┌──

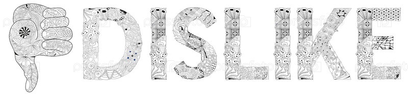 Стилизованная рука Zentangle поднимает значок цвета линии со словом DISLIKE для окраски
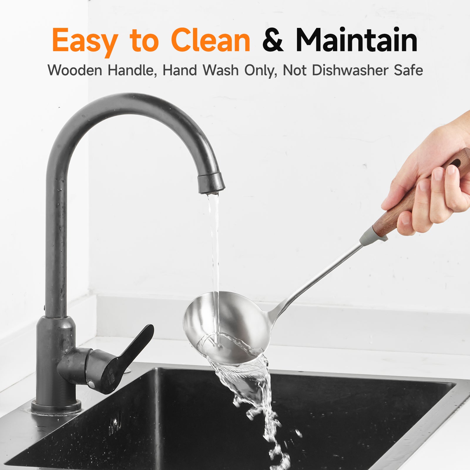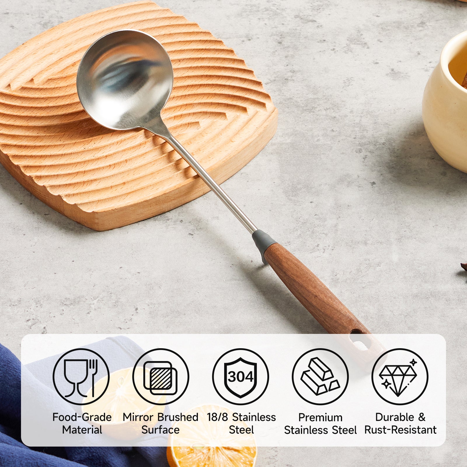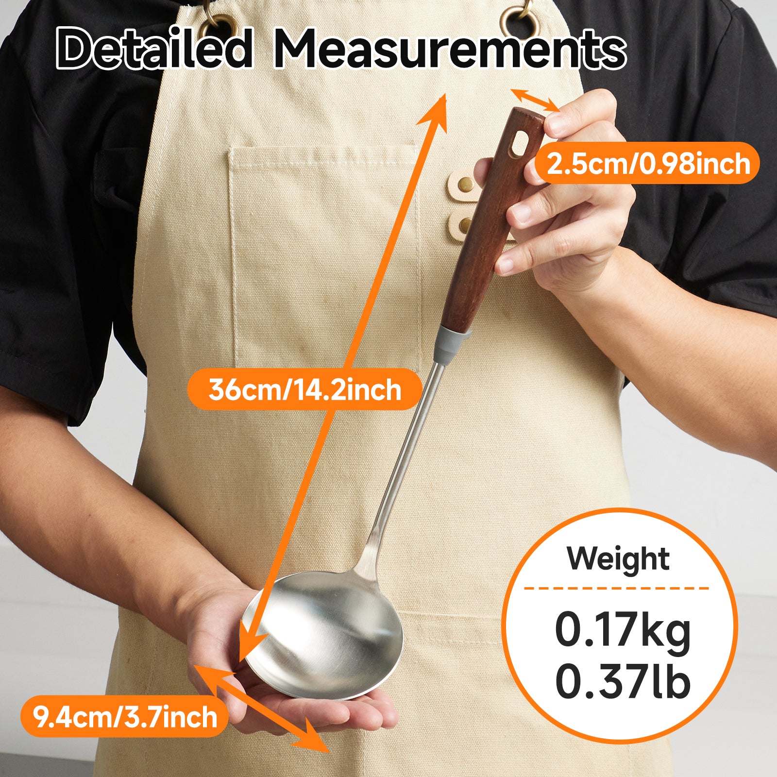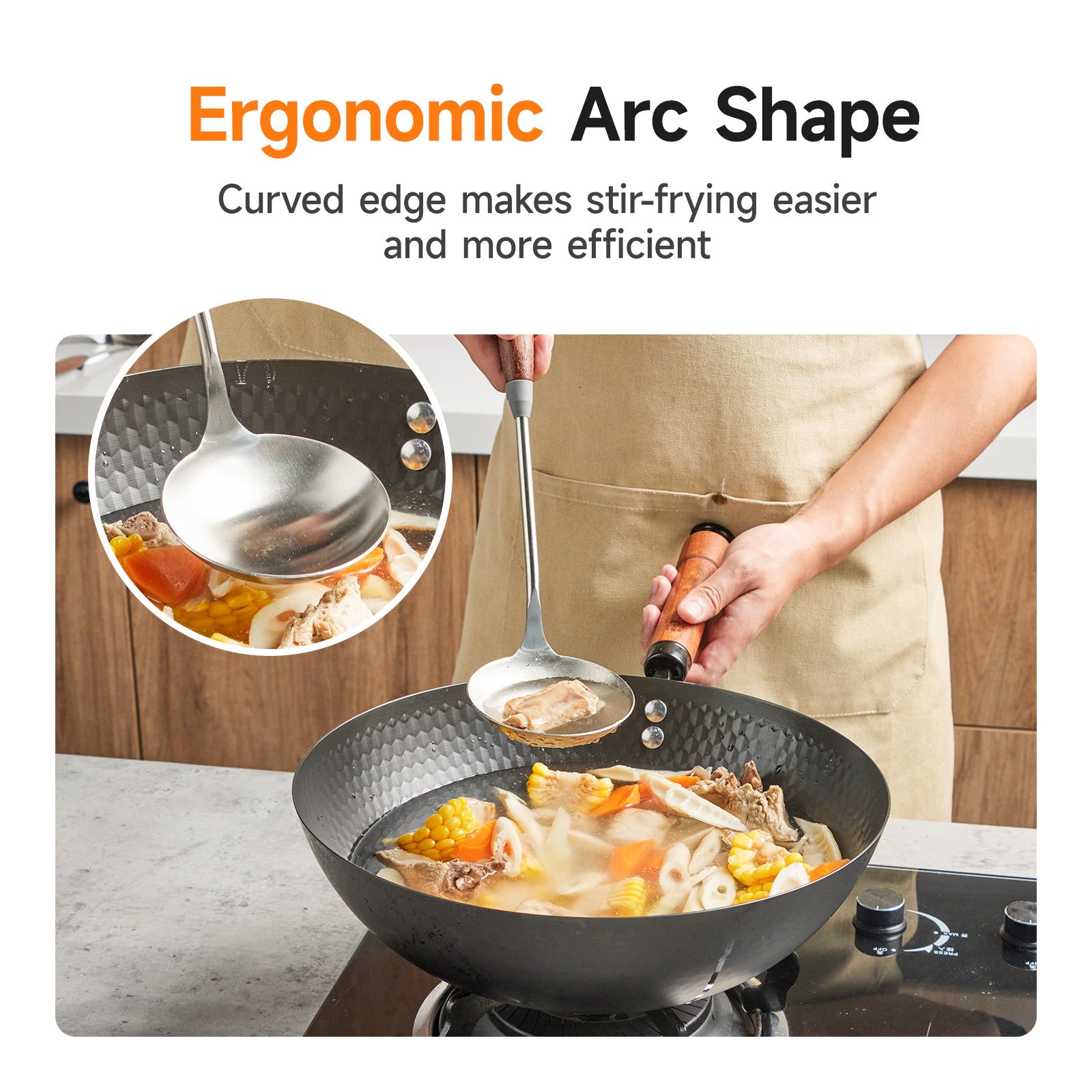 Bring authentic Asian cooking into your kitchen with the WANGYUANJI 14.2-inch Stainless Steel Wok Ladle. This premium ladle combines durable stainless steel for long-lasting strength with a natural wooden handle that stays cool and comfortable in your hand. The handle is designed with a built-in stopper that rests on the wok rim, preventing the ladle from sliding into the pan and keeping your cooking experience smooth and convenient. Its 14.2-inch length protects your hands from heat, while the coatless, chemical-free design ensures healthy, safe cooking. Easy to clean — just hand wash and dry thoroughly for years of dependable use.
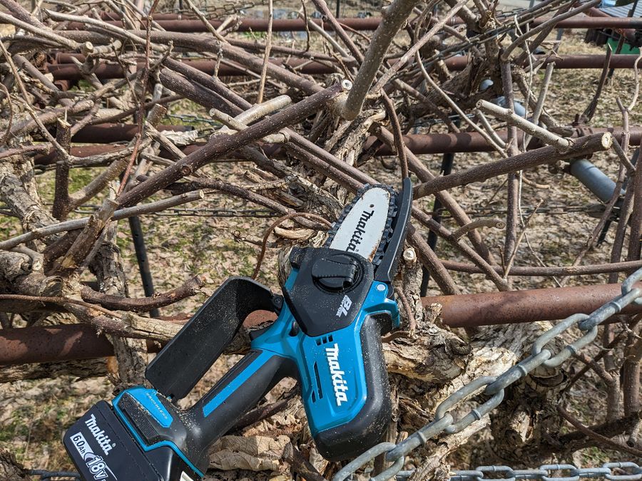 お兄さんは電動チェンソーと言うオモチャを手に入れ、地上2.5mにてキウイ棚のトリミングw
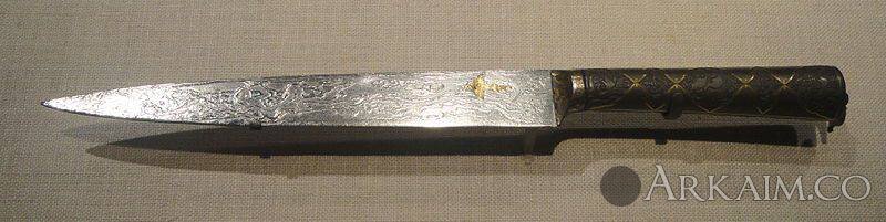 Нож – на вид очень простой, на самом деле ценен, прежде всего, не отделкой, а своим материалом – он изготовлен из метеоритного железа! Принадлежал шаху Джахангиру, династии Виликих Моголов, 1621 г. Экспонат Галереи искусств Смитсониевского национального музея Азиатского искусства в Вашингтоне
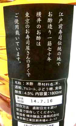 「本格江戸前 米酢」とパッケージにあり(このページの一番上の写真です)。
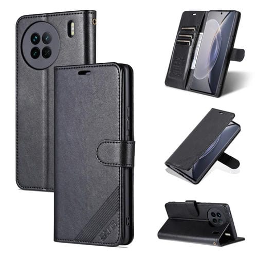 Para Vivo X90 Azns Piel de Oveja Textura Flip Funda de Cuero para Teléfono (Negro)
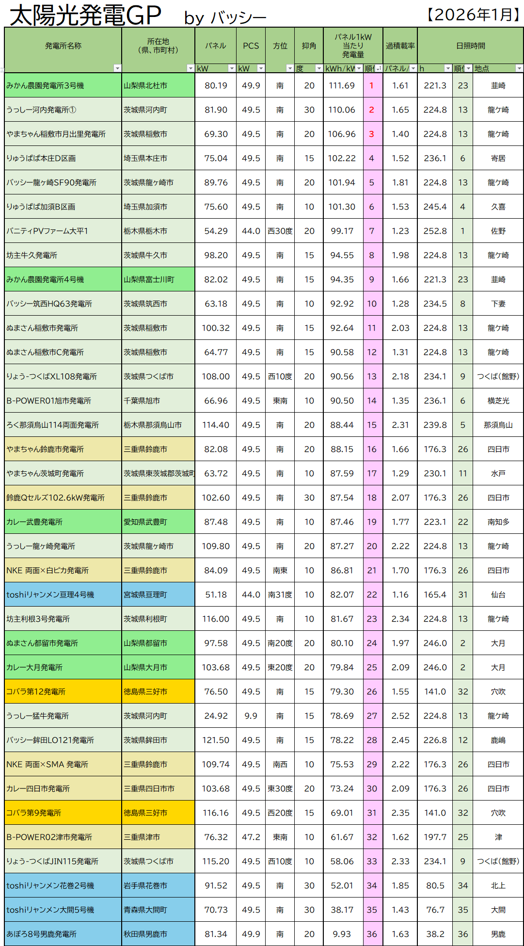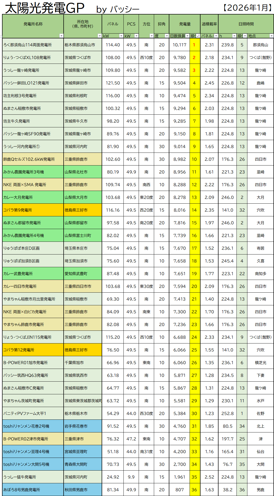このランキングは、単純に1ヶ月の総発電量のランキングになります!

└──

■ Exercise details
Would you write out the data exactly, with no pictures in the copy?

■ Output of the task
 Стилизованная рука Zentangle поднимает значок цвета линии со словом DISLIKE для окраски
 Bring authentic Asian cooking into your kitchen with the WANGYUANJI 14.2-inch Stainless Steel Wok Ladle. This premium ladle combines durable stainless steel for long-lasting strength with a natural wooden handle that stays cool and comfortable in your hand. The handle is designed with a built-in stopper that rests on the wok rim, preventing the ladle from sliding into the pan and keeping your cooking experience smooth and convenient. Its 14.2-inch length protects your hands from heat, while the coatless, chemical-free design ensures healthy, safe cooking. Easy to clean — just hand wash and dry thoroughly for years of dependable use.
 お兄さんは電動チェンソーと言うオモチャを手に入れ、地上2.5mにてキウイ棚のトリミングw
 Нож – на вид очень простой, на самом деле ценен, прежде всего, не отделкой, а своим материалом – он изготовлен из метеоритного железа! Принадлежал шаху Джахангиру, династии Виликих Моголов, 1621 г. Экспонат Галереи искусств Смитсониевского национального музея Азиатского искусства в Вашингтоне
 「本格江戸前 米酢」とパッケージにあり(このページの一番上の写真です)。
 Para Vivo X90 Azns Piel de Oveja Textura Flip Funda de Cuero para Teléfono (Negro)
このランキングは、単純に1ヶ月の総発電量のランキングになります!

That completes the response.